The organizers—bachelor’s and master’s students at the Institute for Anthropological Studies in Culture and History and the departmental student representative committee for empirical cultural studies—designed the conference around cultural study perspectives on sexualities, sex and gender, queer cultures, and the body. Seven interdisciplinary panels with individual talks by students, workshops, and performances provided insight into current and completed research projects on both historical and contemporary topics. Conference participants also discussed the further development of methods and cultural study approaches to learn how to understand different cultures and how their insights could lead to societal change.

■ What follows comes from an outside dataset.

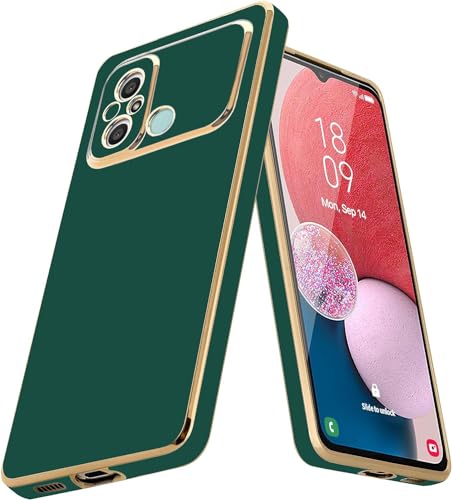 Generic - جراب حماية مضاد للصدمات بتغطية كاملة للكاميرا بإطار مرن من بولي يوريثين مقاوم للحرارة وحافة مطلية بالكهرباء لموبايل شاومي ريدمي 12C، أخضر داكن

How did it all begin? When the organizational team realized that the student conference last focused on sex and gender 25 years ago, they quickly agreed that, this year, it should focus on the topic again so as to reflect on the issues of negotiation, materiality, physicality, and inequality. The conference’s core areas focused on the interweaving of sex and gender with identity, morality and ethics, pathology and health, labor, institutions and politics, and technology and aesthetics. Furthermore, the conference topics were designed to emphasize interdisciplinary perspectives, link theoretical and empirical findings, and consider changes and cultural transformation.
“It was important to the organizational team to enable students at all levels to present their term papers and theses. In addition to making fields of research and lines of inquiry visible, another goal of the conference was to sensitize us to the complexity of daily life and to discover which intersectional, decolonial, and historicizing approaches we need to understand it,” said Manual Bolz, a master’s student in empirical cultural studies and part of the 10-person organizational team. See the conference program for more insights into the conference topics.
The 450-plus registrations reveal the conference’s relevance and appeal. In lively discussions, speakers and participants focused on the poles of emotionalizing and moralizing discourses related to sexuality in everyday life while using the methods, theories, and knowledge of cultural studies to approach them.
To make conference findings accessible to the larger public, the organizational team and students from other universities are planning a conference catalog for the 33rd student conference, scheduled for publication in the Hamburger Journal für Kulturanthropologie in the late summer of 2022. There, the authors will present their exploratory questions and the completed theses on the topics of gender, the body, and sexuality, which also formed some of the panel content. The catalog is being funded by the Women’s Advancement Fund of Universität Hamburg.